Order and Trade Surveillance
When it comes to order and trade surveillance, good systems will have the following:
- Appropriately calibrated alert scenarios that consider the different characteristics of different asset classes and instruments. Using a common threshold for all instruments risks ineffectively monitoring (because the threshold is too high or too low), or generating a high level of unnecessary ‘noise’ through picking up a large number of false positives.
- Appropriate thresholds applied to calibration. For example, appropriate lookback periods for insider dealing, which consider the time that inside information might exist before it is released.
- Monitoring of all orders and trades. For example, monitoring of cancelled and amended orders is critical to identifying certain forms of market manipulation.
- Thorough review of surveillance exception alerts. Some firms are only escalating reports where there is an obvious link between the client and issuer or source of inside information. The absence of such a link is not a default rationale for closing alerts.
Policies and procedures
The FCA observed weaknesses where firms’ policies and procedures were vague, or lacked detail. For example, directing analysts to review surveillance reports for signs of market abuse, but not including guidance on what the signs might be. In such cases, it was common for alert reviews to be insufficient or incorrect, and for alerts to be inappropriately closed rather than escalated.
It is important to ensure that policies and procedures are clear, detailed and up-to-date. Additionally, policies and procedures should contain clear and practical guidance regarding what constitutes market abuse, how to recognise it, and how to review and escalate alerts.
Some firms were found to have outsourced aspects of their surveillance to another part of their organisation, or to separate organisations. Common weaknesses arose in outsourcing where there was limited understanding or oversight of the surveillance taking place. This included inadequate knowledge of alert logic and calibration, and weak quality assurance practices.
At some multinational firms, surveillance was being undertaken at a group level, but the local UK compliance teams had negligible understanding of the surveillance being carried out. In those cases, the surveillance was often ineffective for the UK business.

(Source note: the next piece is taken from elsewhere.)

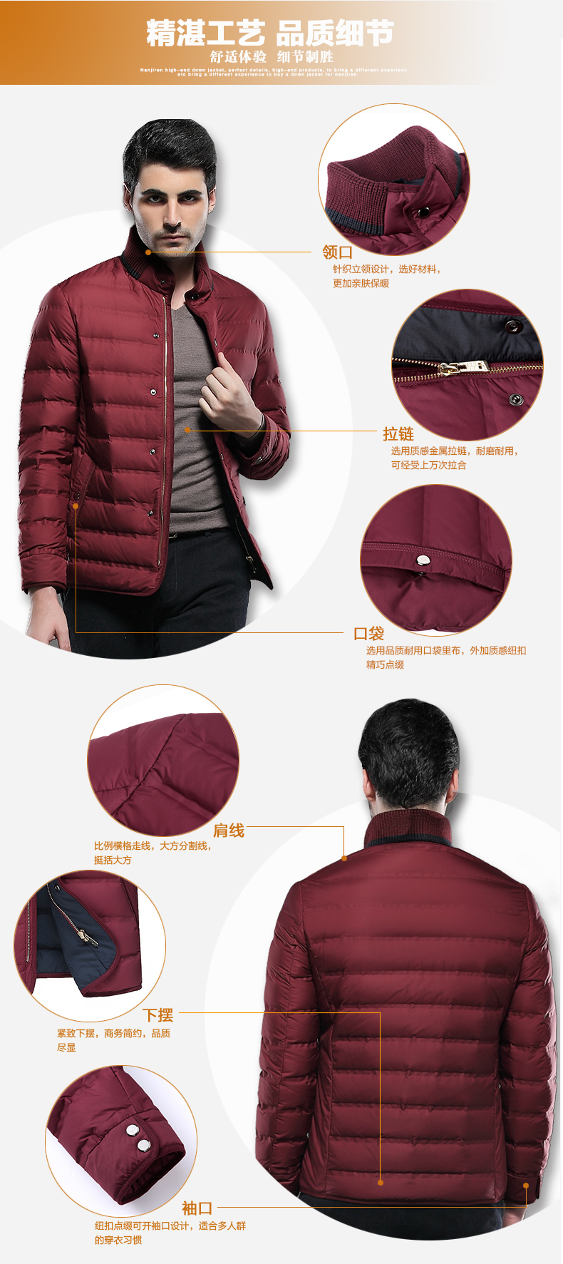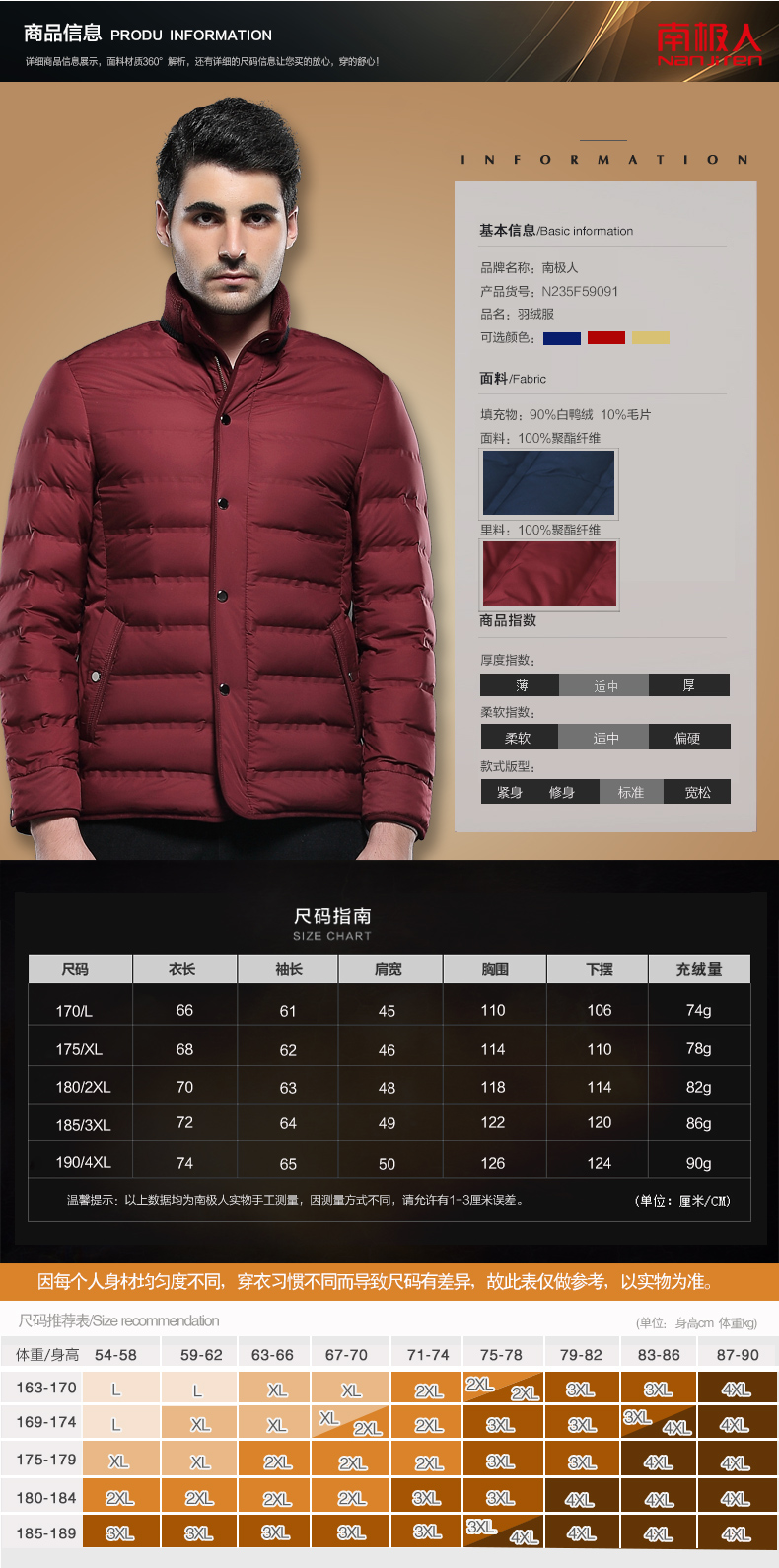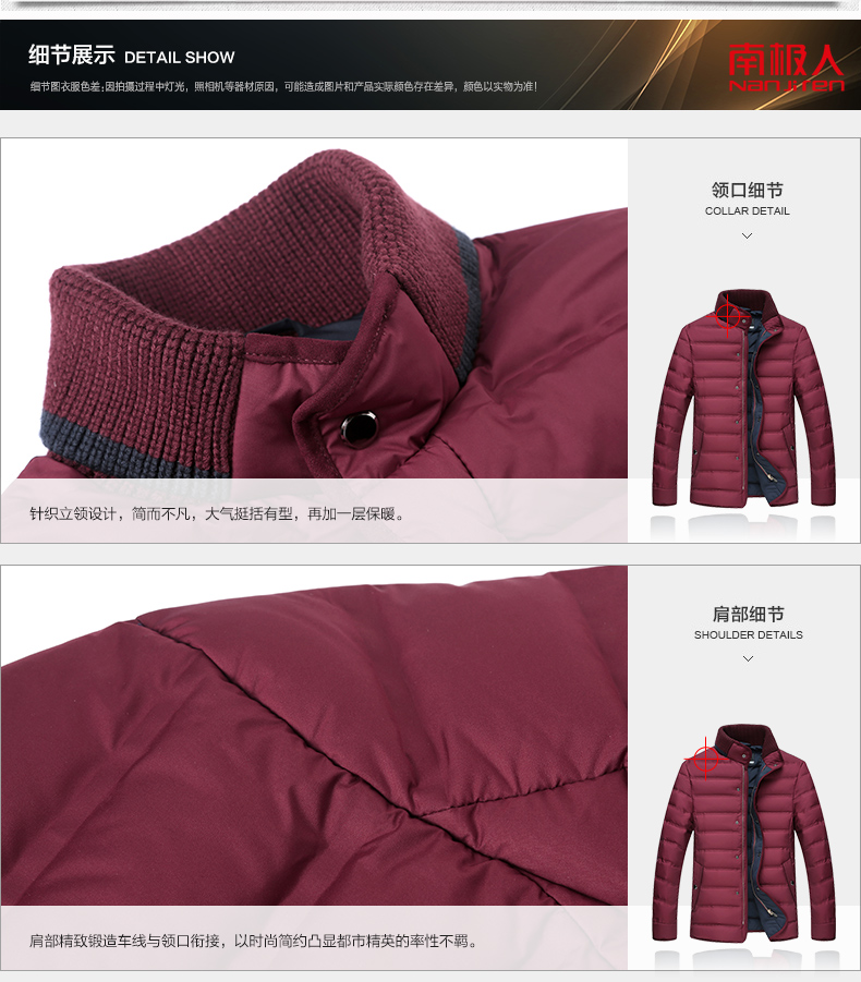 南极人羽绒服男秋冬季新款修身立领轻薄款中青年男装韩版短款外套

In order to avoid these pitfalls, oversight and governance are critical. Where there is delegation of market abuse surveillance to a separate organisation, the person delegating should have sufficient expertise and resources to properly oversee the services provided.

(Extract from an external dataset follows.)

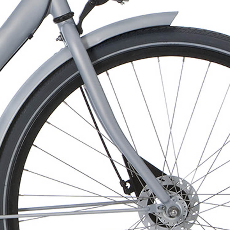 Cortina voorvork model Cortina U1. Kleur: Muis Mat. Geschikt voor damesmonturen in de maten 49, 53, 57 en 61cm. Uitgerust met rollerbrake beugel. Specifieke maat: 28inch, 1-1/8x278. Kleurnummer: PGSW 80011 Matt.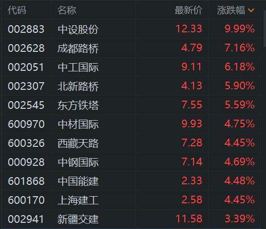 A股基建股集体拉升,其中,中设股份开盘直线封涨停,成都路桥涨超7%,中工国际涨超6%,北新路桥、中材国际、中国能建、上海建工、西藏天路、新疆交建跟涨。中金公司日前研报称,2024年下半年,已看到基建端财政发力的迹象,如专项债发行提速、年末地方政府特殊再融资债加速发行等;展望2025年,预期基建投资有望在财政加码和化债发力的推动下实现小幅增长,预计增速提升至10%左右,但2025年地产投资或仍将承压、制造业投资亦可能出现降速,建筑板块基本面或将继续迎来分化。中金公司推荐稳中求进的选股思路,重点看好基本面相对稳健,同时受益于化债和市值管理新规的建筑央企;以及受益于海外基建市场充沛订单、估值处于相对底部的国际工程企业。(格隆汇)

Assigning responsibility for market abuse surveillance to both the front office and an independent Compliance function, which perform monitoring separately from the business, can be an effective way to ensure surveillance is undertaken free from conflicts of interest.
The FCA accepts that smaller firms may require staff to perform dual roles in the front office and as part of Compliance. Where this is the case, the firm should consider whether it has adequately assessed any potential conflicts of interest and taken steps to mitigate them. Effective, tailored, market abuse training and escalation procedures are also a good idea.
Why take action?
The level of FCA enforcement action for market abuse remains relatively low, despite market abuse investigations occupying around 14% of the FCA’s investigations portfolio. However, delivering assertive action on market abuse forms part of the FCA's latest business plan focus on “reducing and preventing serious harm”. A core component of this plan is ensuring that firms have robust systems and controls, high quality reporting practices and a strong anti-market abuse culture.
Firms should review their systems and controls to ensure weaknesses, such as those highlighted in this article, are addressed to avoid becoming subject to unnecessary regulatory scrutiny.